As to those “rays”… have you ever heard of “ray-tracing”? It’s a technique used in computer graphics to draw a scene. In order to know which objects are visible from the eye/camera, you shoot rays out of the eye and trace its path to obstacles (including reflections, refractions, etc.) Maybe I should find an Augustine quote on rays and send it to my colleagues who do graphics!
JAK –
Hunger of the heart –> stomach inside the heart? AWWWKKKK!!!!!
The problem with a short little metaphor is there is often not enough context to force one interpretation rather than another, and, as with all language uses, context is crucial to interpreting metaphors. And all metaphorical uses begin with a literal one. Without the literal meaning no analogical one is possible. Or what does David Tracy say? (It’s been years since I read his book.)

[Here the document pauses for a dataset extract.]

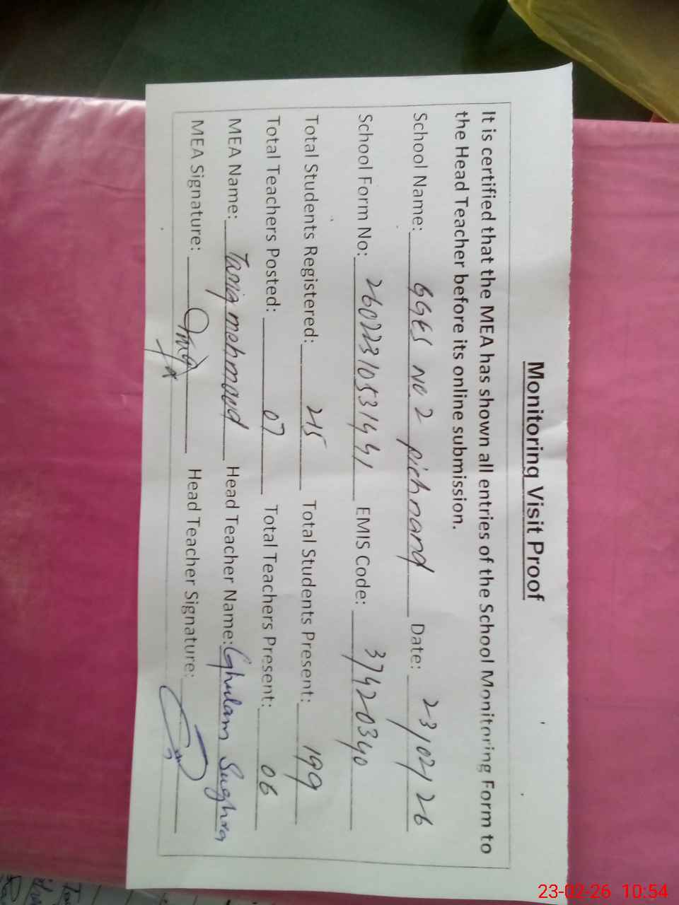 | Certified that this School was Inspected by the Undersigned MEA/DMO Today and the Information Stated Above is as Per Record. | |||||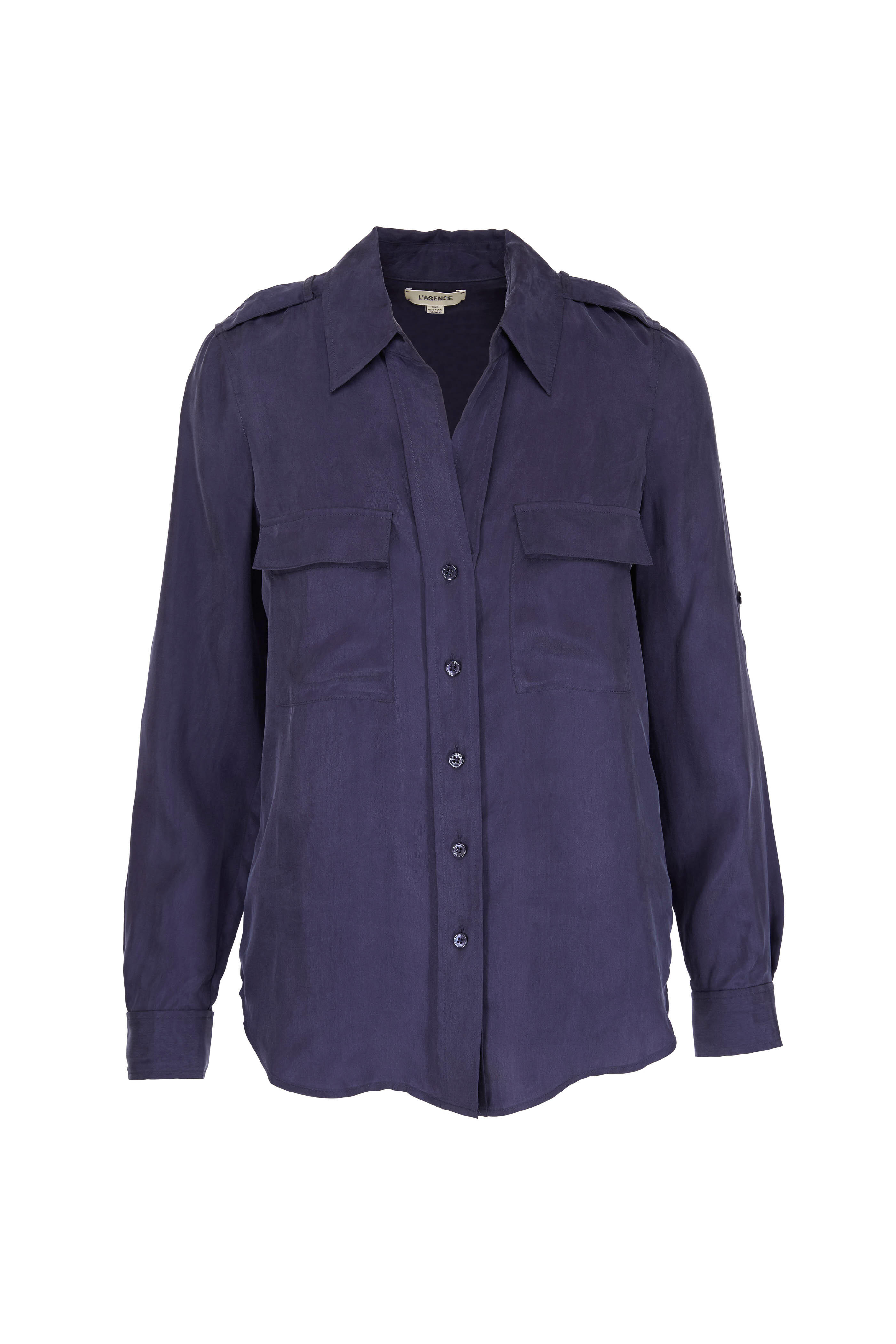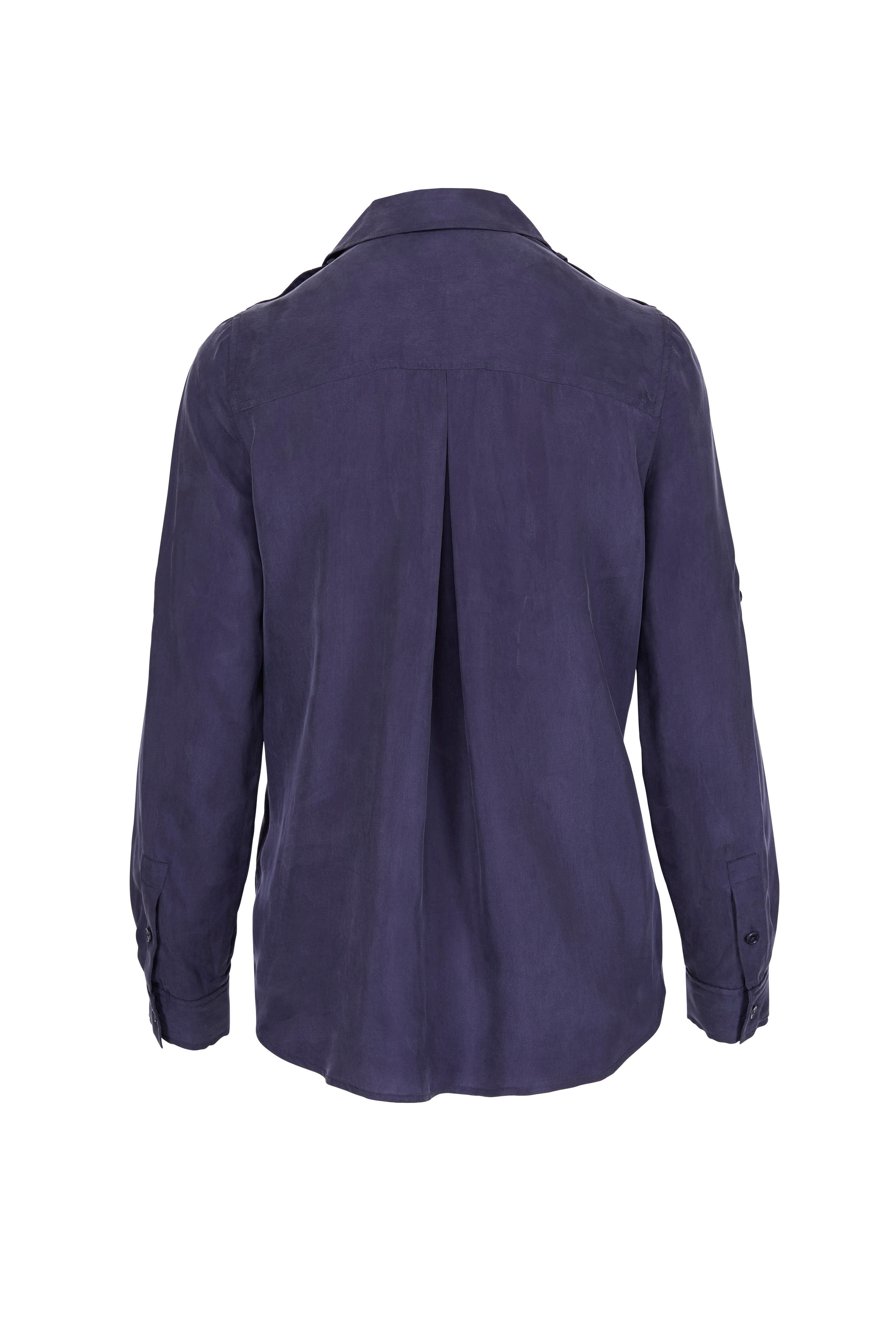 Spread collar. V-neckline. Button-up front closure. Single button squared cuffs. Chest patch pockets. Shoulder epaulettes. Imported. 100% cupro. Dry clean.

Might it be that the way everyone thought about their senses and innards in Augustine’s day was very different from the common ways of today? Now, the biological basis for the metaphors offers difficulties he wouldn’t recognize.
JAK – Have you considered the possibility that your brother-in-law enjoyed one of life’s minor blessings of transient non-hearing that enables one to make it through another day with a crew of noisy children, again, rather than problems with the ears of his heart? There are two ways to look at that phenomenon.